# ACTIVITY
Only the stretch below from the line holding "3D three-dimensional mask" through the line holding "With Smart Support’s" should be restated, word for word and with both ends included; pictures stay out.

# EXERCISE INPUTS
◇ ◇ ◇ ◇ ◇

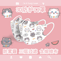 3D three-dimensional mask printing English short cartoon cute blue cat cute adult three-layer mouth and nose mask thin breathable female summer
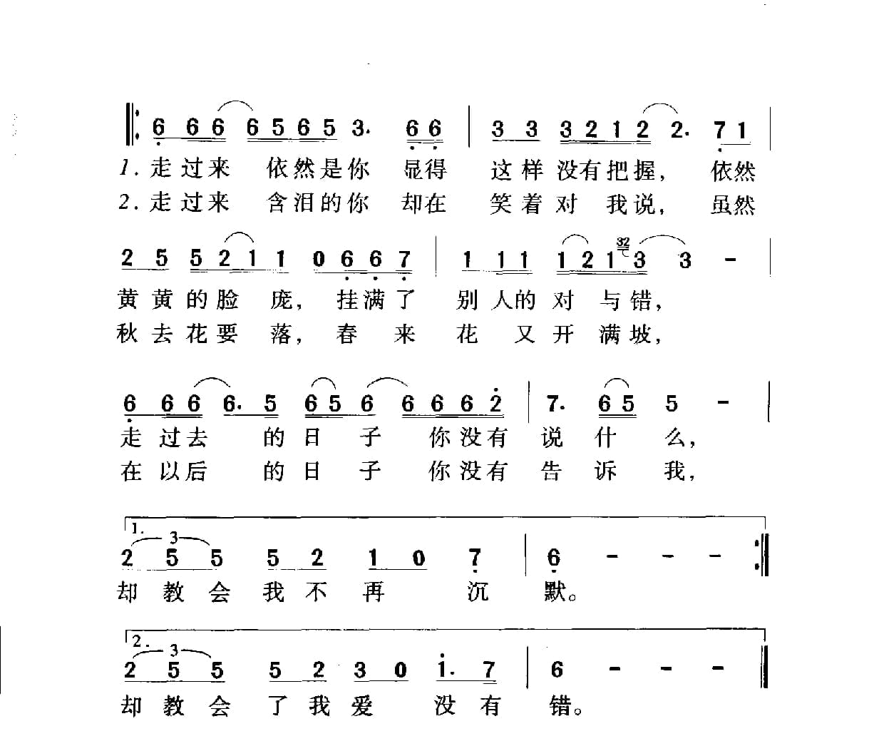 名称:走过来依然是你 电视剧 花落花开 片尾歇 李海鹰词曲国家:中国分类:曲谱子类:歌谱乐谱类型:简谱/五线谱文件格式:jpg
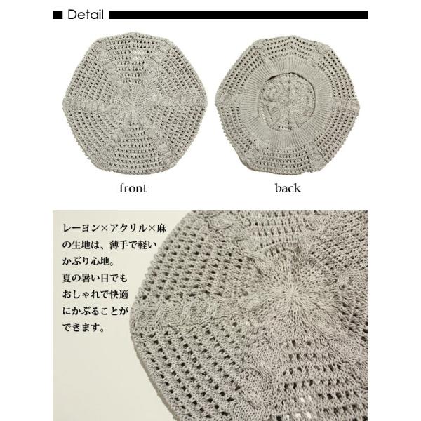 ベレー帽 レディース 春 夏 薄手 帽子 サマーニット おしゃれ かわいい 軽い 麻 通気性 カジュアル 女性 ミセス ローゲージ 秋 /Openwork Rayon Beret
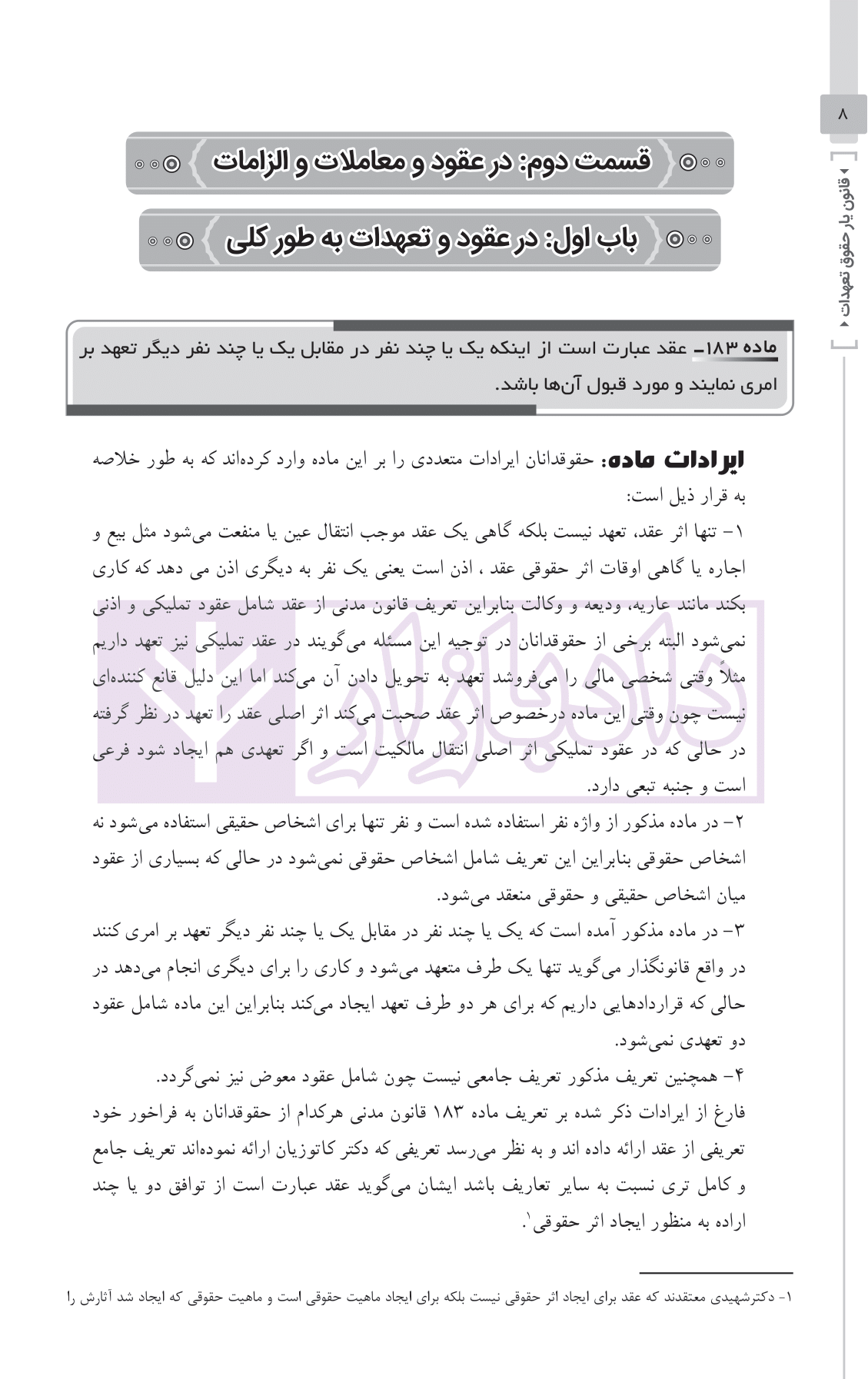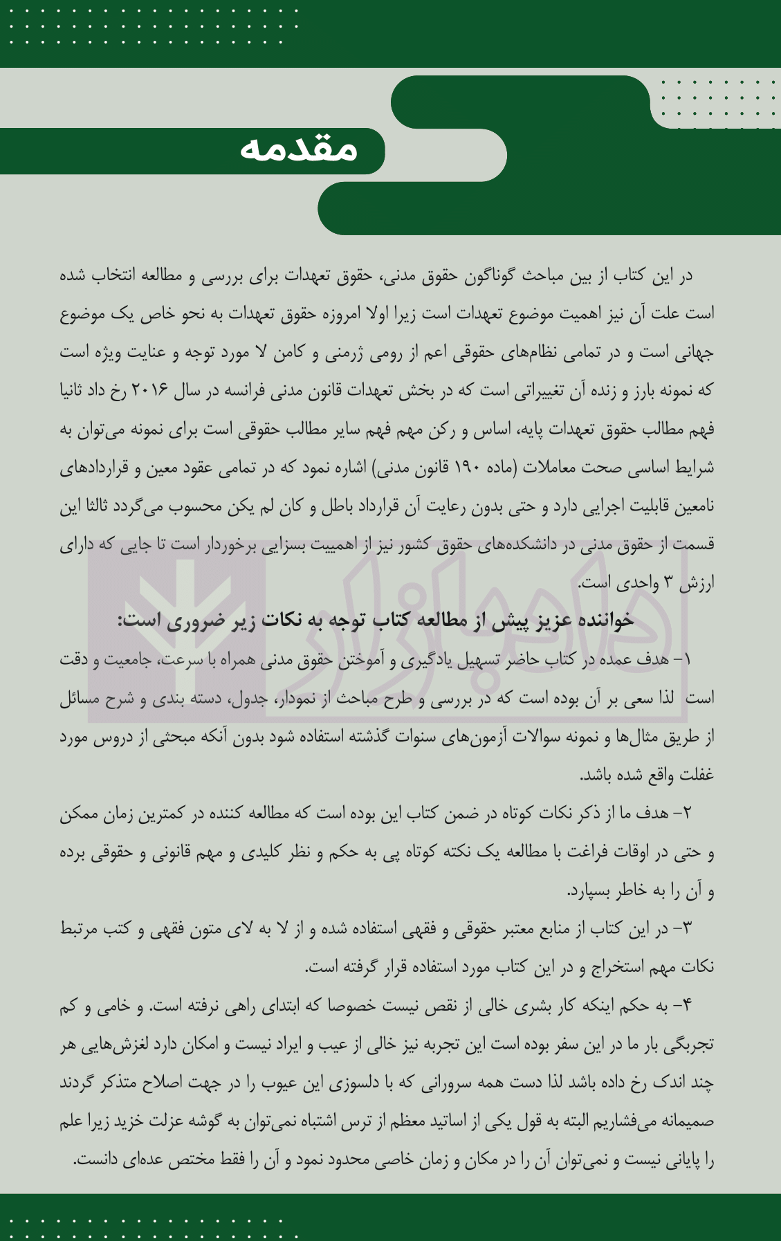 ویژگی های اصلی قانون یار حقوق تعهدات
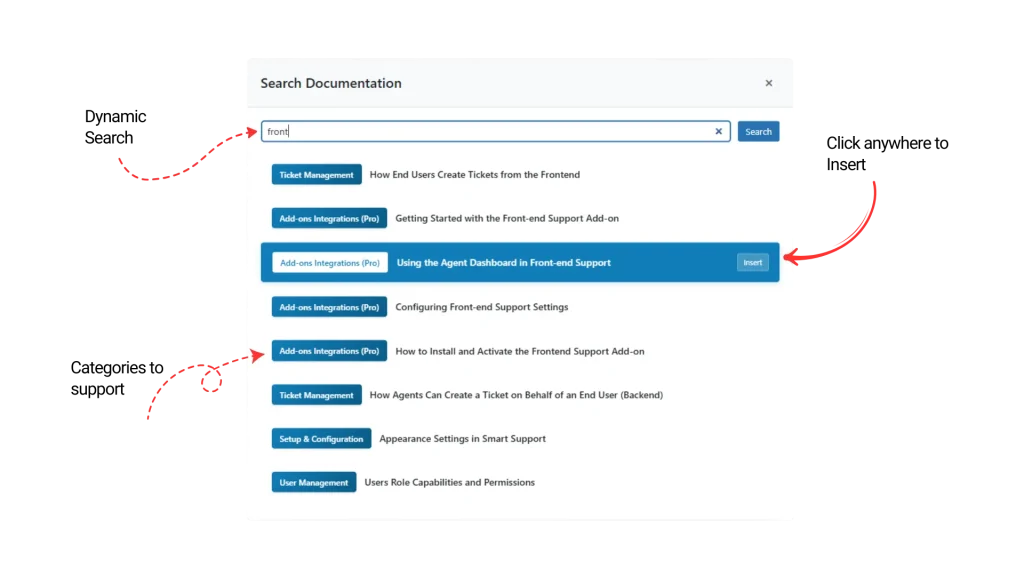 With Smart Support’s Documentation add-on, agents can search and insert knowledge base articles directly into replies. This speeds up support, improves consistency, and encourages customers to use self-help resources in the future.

◇ ◇ ◇ ◇ ◇

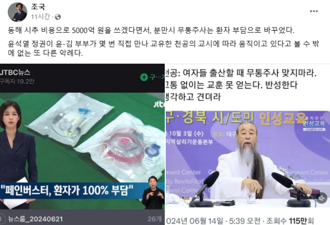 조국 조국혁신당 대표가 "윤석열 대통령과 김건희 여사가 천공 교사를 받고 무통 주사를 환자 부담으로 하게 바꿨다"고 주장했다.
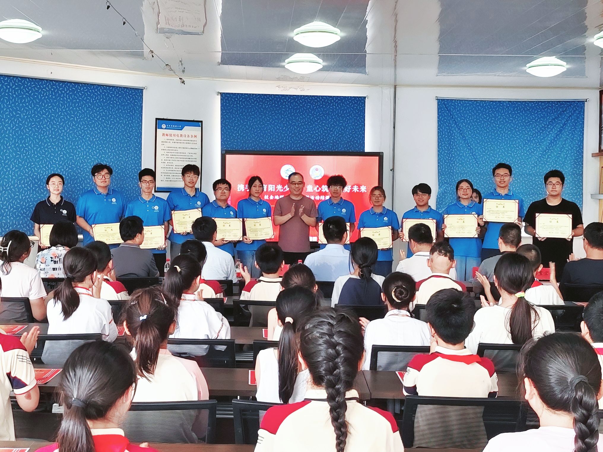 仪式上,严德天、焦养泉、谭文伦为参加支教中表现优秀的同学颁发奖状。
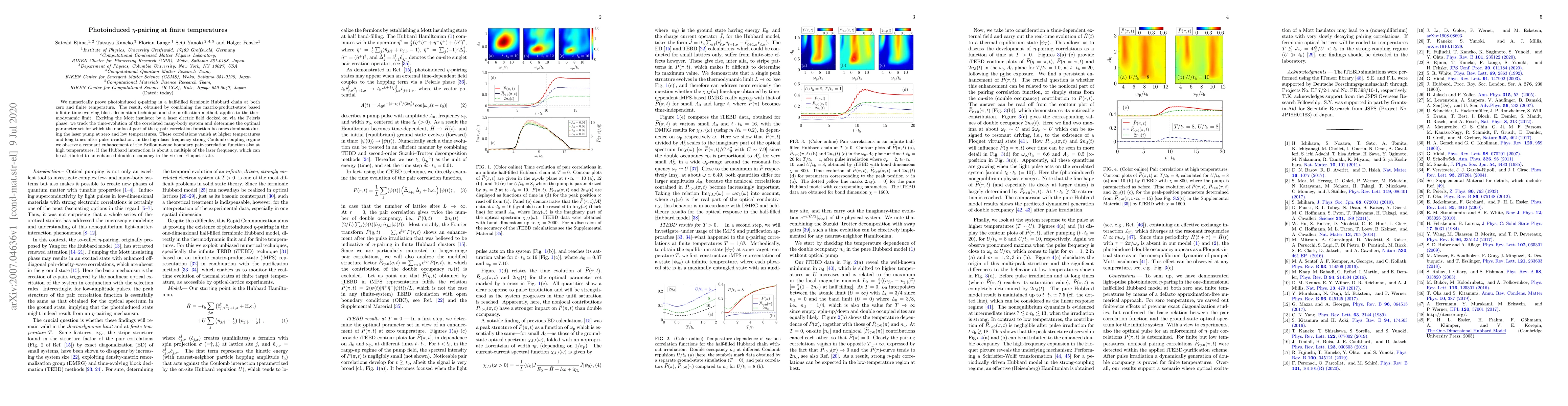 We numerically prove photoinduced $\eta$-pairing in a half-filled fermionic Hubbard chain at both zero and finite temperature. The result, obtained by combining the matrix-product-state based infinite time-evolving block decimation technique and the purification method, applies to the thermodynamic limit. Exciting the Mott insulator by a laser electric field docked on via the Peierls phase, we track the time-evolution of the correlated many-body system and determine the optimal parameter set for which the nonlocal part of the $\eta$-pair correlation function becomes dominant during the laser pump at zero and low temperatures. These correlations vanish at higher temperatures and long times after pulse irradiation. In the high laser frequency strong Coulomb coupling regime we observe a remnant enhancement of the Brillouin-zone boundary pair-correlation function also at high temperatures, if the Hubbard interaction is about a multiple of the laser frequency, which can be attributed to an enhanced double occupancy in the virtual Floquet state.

◇ ◇ ◇ ◇ ◇

# WRITTEN RESPONSE
 3D three-dimensional mask printing English short cartoon cute blue cat cute adult three-layer mouth and nose mask thin breathable female summer
 名称:走过来依然是你 电视剧 花落花开 片尾歇 李海鹰词曲国家:中国分类:曲谱子类:歌谱乐谱类型:简谱/五线谱文件格式:jpg
 ベレー帽 レディース 春 夏 薄手 帽子 サマーニット おしゃれ かわいい 軽い 麻 通気性 カジュアル 女性 ミセス ローゲージ 秋 /Openwork Rayon Beret
 ویژگی های اصلی قانون یار حقوق تعهدات
 With Smart Support’s Documentation add-on, agents can search and insert knowledge base articles directly into replies. This speeds up support, improves consistency, and encourages customers to use self-help resources in the future.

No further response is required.